The Edge of the Sea is a great read for anyone who likes to spend time mucking around in tide pools, or is curious about the strange creatures that live in them. The tidal area at the edge of the sea constantly shifting and moving...Ms. Carson tells us that the shoreline is not the exactly the same for any two consecutive days in a row!
Reading The Edge of the Sea, you will learn all kinds of interesting facts. Baby snails can be the size of a coffee grain. Starfish arms can break off and grow right back again. Limpets (cone-shaped snails) suction to the exact same "home" spot on a rock...every day during feeding time, they will be taken sometimes a mile or more away by the waves, but every day, each limpet returns to the exact same spot.

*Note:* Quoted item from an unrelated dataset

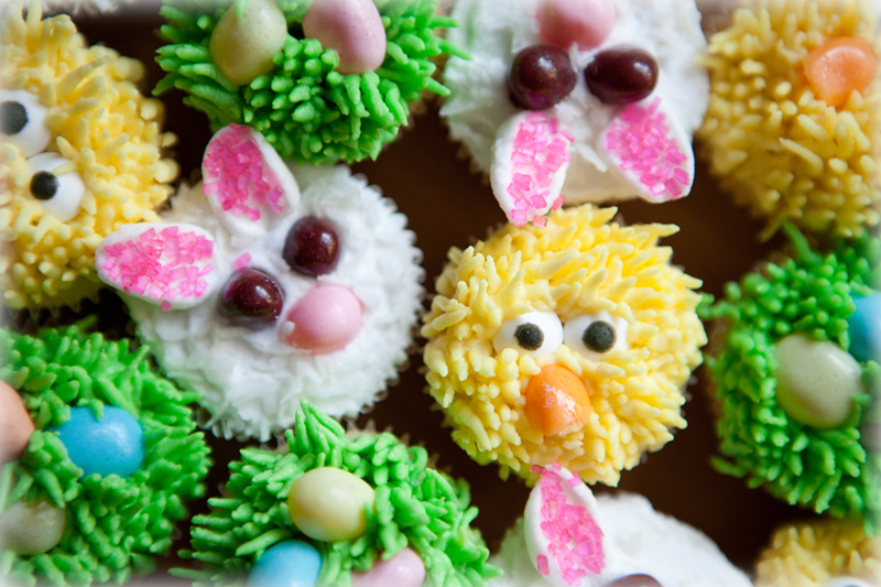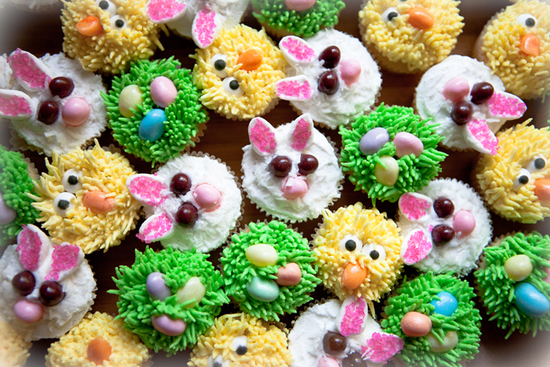Mini Easter cupcakes – Bunnies, chicks and eggs in grass. The bunny eyes and nose are mini jelly beans cut in half. The orange chick beak is a mini jelly bean cut in half diagonally.

The interesting facts are one thing, and worth the read on their own. But the other thing that makes The Edge of the Sea so special is Rachel Carson's voice. She has a gift. She really did see the world with a very active "sense of wonder" and through her writing, she brings that world to us through her eyes. Eyes that can look at mucky, slimy seaweed a dozen times a day and still be amazed by the strange beauty of it:
It is a fantastic jungle, mad in a Lewis Carroll sort of way. For what proper jungle, twice every twenty-four hours, begins to sag lower and lower and finally lies prostrate for several hours only to rise again? Yet this is precisely what the rockweed jungles do. When the tide has retreated from the sloping rocks, when it has left the miniature seas of the tide pools, the rockweeds lie flat on the horizontal surfaces in layer above layer of sodden, rubbery fronds. From the sheer rock faces they hang down in a heavy curtain, holding the wetness of the sea, and nothing under their protective cover ever dries out.If you've ever seen rockweed, during either high or low tide, you know the logistics of this to be true, but have you ever thought of it in quite that way? And if you haven't seen rockweed, didn't she just bring it alive in your imagination?
There is more information about Rachel Carson available at The Life and Legacy of Rachel Carson and at the Rachel Carson Homestead (site for her birthplace and childhood home in Springdale, PA).
Here in Maine, you can visit the Rachel Carson National Wildlife Refuge.
Linda Lear's book, Rachel Carson: Witness for Nature, is also a terrific read.
Happy Blog Action Day! Now go muck about in some tide pools if you can!
2 comments:
This book is, in my opinion, not a book that I enjoyed reading. It was sort of boring and confusing. The sad part is that I had to read it for a science class.
I love this blog post. Rachel Carson is such a beautiful writer, thanks for reminding us that she loved seaweed!